■ Data shown ■
◇ ◇ ◇ ◇ ◇ ◇ ◇
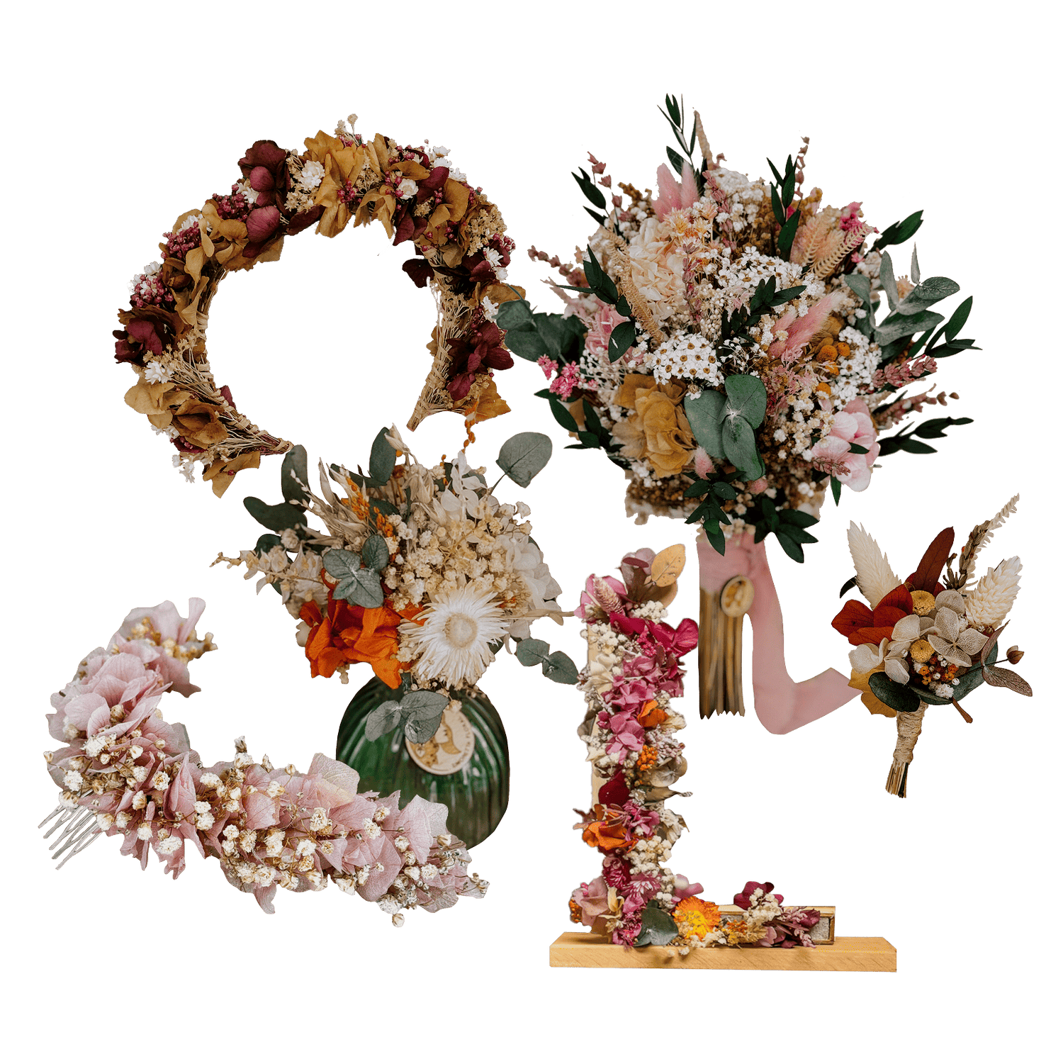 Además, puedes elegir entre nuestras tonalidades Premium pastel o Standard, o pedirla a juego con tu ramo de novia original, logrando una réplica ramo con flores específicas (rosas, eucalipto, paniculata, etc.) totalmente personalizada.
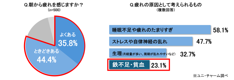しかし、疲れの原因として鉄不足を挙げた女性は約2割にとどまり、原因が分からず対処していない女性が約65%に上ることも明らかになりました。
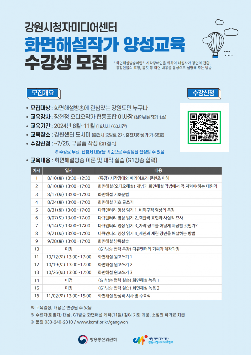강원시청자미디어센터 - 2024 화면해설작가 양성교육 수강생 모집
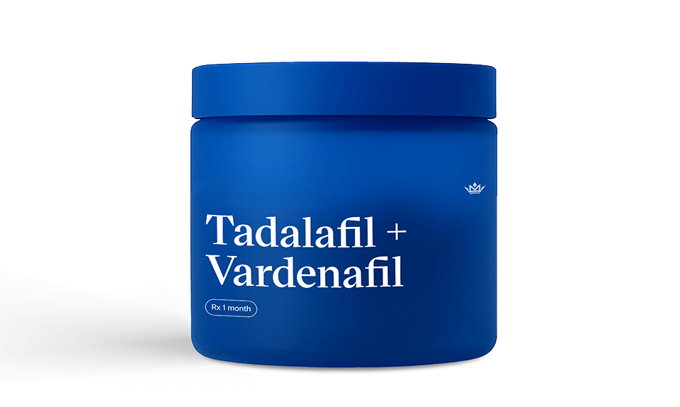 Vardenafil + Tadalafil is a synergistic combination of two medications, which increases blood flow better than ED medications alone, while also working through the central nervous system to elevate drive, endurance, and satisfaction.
◇ ◇ ◇ ◇ ◇ ◇ ◇
■ Exercise instructions ■
Please repeat the listing precisely, excluding the pictures it contains.

■ Task response ■
 Además, puedes elegir entre nuestras tonalidades Premium pastel o Standard, o pedirla a juego con tu ramo de novia original, logrando una réplica ramo con flores específicas (rosas, eucalipto, paniculata, etc.) totalmente personalizada.
しかし、疲れの原因として鉄不足を挙げた女性は約2割にとどまり、原因が分からず対処していない女性が約65%に上ることも明らかになりました。
강원시청자미디어센터 - 2024 화면해설작가 양성교육 수강생 모집
 Vardenafil + Tadalafil is a synergistic combination of two medications, which increases blood flow better than ED medications alone, while also working through the central nervous system to elevate drive, endurance, and satisfaction.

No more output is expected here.